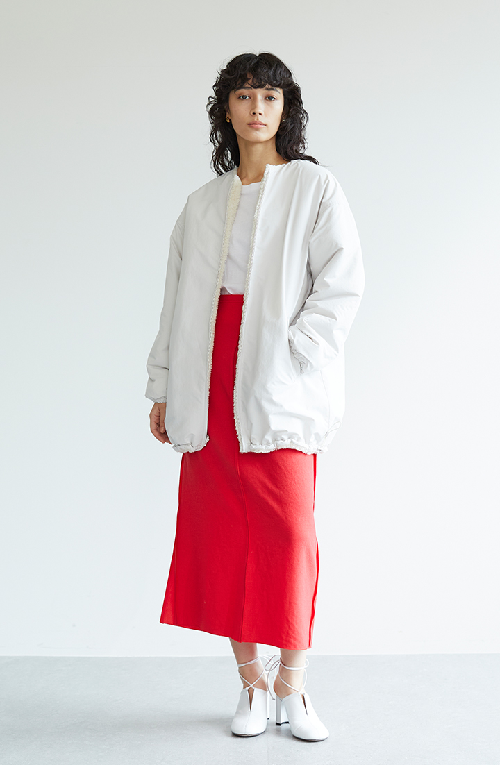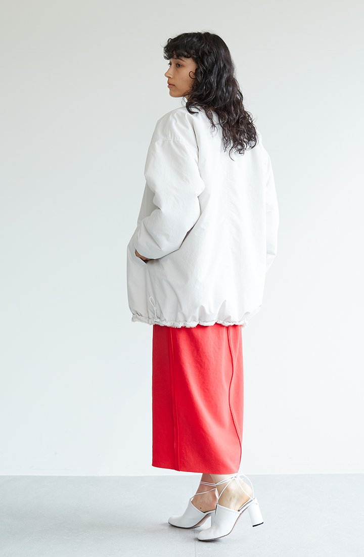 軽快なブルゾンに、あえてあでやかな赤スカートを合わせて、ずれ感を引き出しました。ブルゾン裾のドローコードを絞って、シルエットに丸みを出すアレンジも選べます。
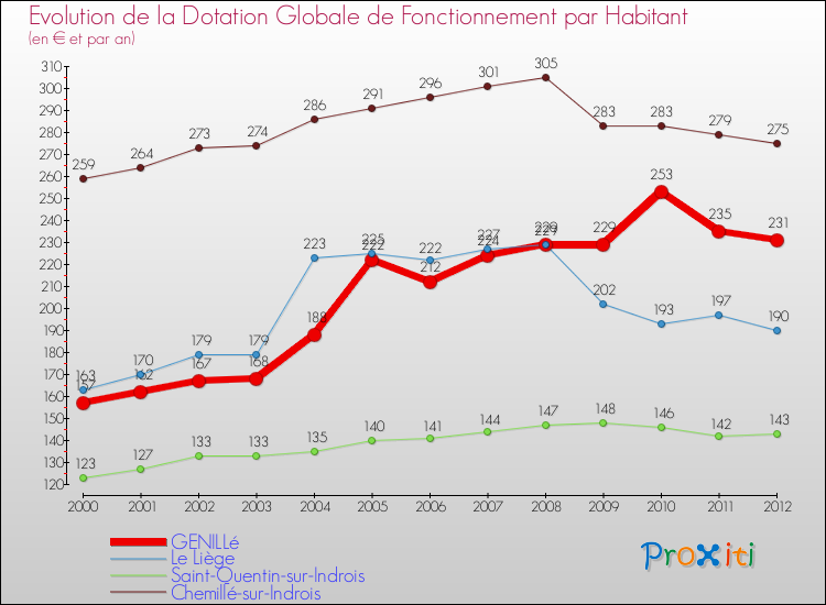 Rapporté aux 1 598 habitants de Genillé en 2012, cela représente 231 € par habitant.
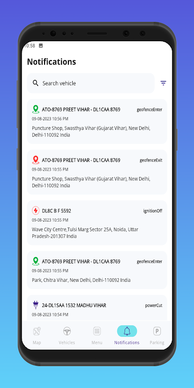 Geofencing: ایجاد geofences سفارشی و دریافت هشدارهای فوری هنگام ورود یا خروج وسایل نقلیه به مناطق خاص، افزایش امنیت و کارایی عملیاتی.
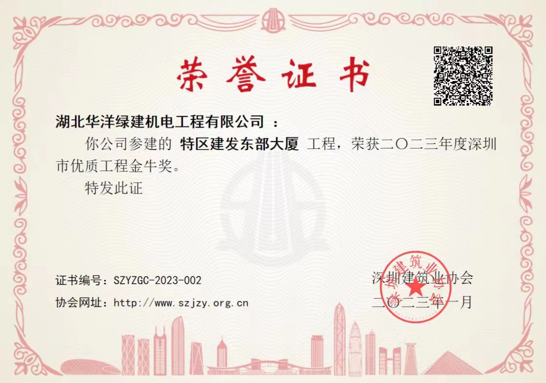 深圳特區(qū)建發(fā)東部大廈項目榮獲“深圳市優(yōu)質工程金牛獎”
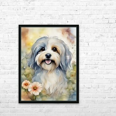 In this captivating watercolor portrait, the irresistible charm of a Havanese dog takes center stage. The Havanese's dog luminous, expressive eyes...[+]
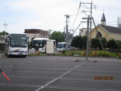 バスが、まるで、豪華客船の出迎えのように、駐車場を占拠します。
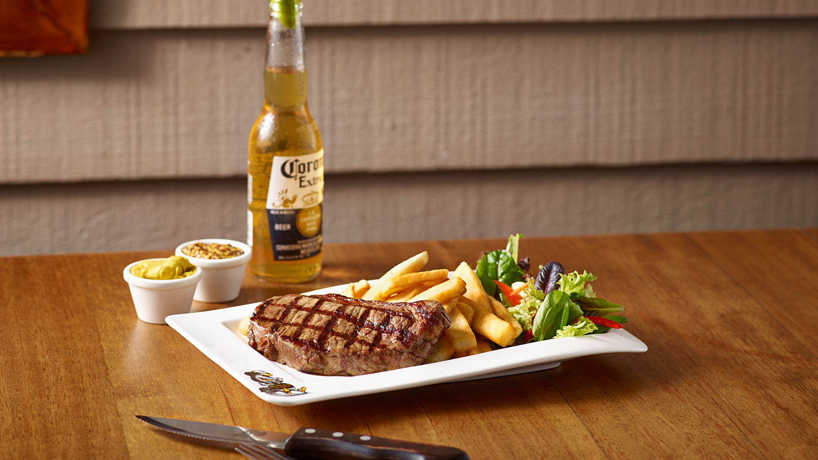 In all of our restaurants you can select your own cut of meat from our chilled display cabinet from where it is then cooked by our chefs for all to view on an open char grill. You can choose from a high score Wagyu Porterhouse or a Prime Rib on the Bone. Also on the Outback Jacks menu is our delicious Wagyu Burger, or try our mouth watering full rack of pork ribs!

Activity => Pictures do not belong in the copy. Output all of the records exactly.

Reply to the exercise =>
 軽快なブルゾンに、あえてあでやかな赤スカートを合わせて、ずれ感を引き出しました。ブルゾン裾のドローコードを絞って、シルエットに丸みを出すアレンジも選べます。
 Rapporté aux 1 598 habitants de Genillé en 2012, cela représente 231 € par habitant.
 Geofencing: ایجاد geofences سفارشی و دریافت هشدارهای فوری هنگام ورود یا خروج وسایل نقلیه به مناطق خاص، افزایش امنیت و کارایی عملیاتی.
 深圳特區(qū)建發(fā)東部大廈項目榮獲“深圳市優(yōu)質工程金牛獎”
 In this captivating watercolor portrait, the irresistible charm of a Havanese dog takes center stage. The Havanese's dog luminous, expressive eyes...[+]
 バスが、まるで、豪華客船の出迎えのように、駐車場を占拠します。
 In all of our restaurants you can select your own cut of meat from our chilled display cabinet from where it is then cooked by our chefs for all to view on an open char grill. You can choose from a high score Wagyu Porterhouse or a Prime Rib on the Bone. Also on the Outback Jacks menu is our delicious Wagyu Burger, or try our mouth watering full rack of pork ribs!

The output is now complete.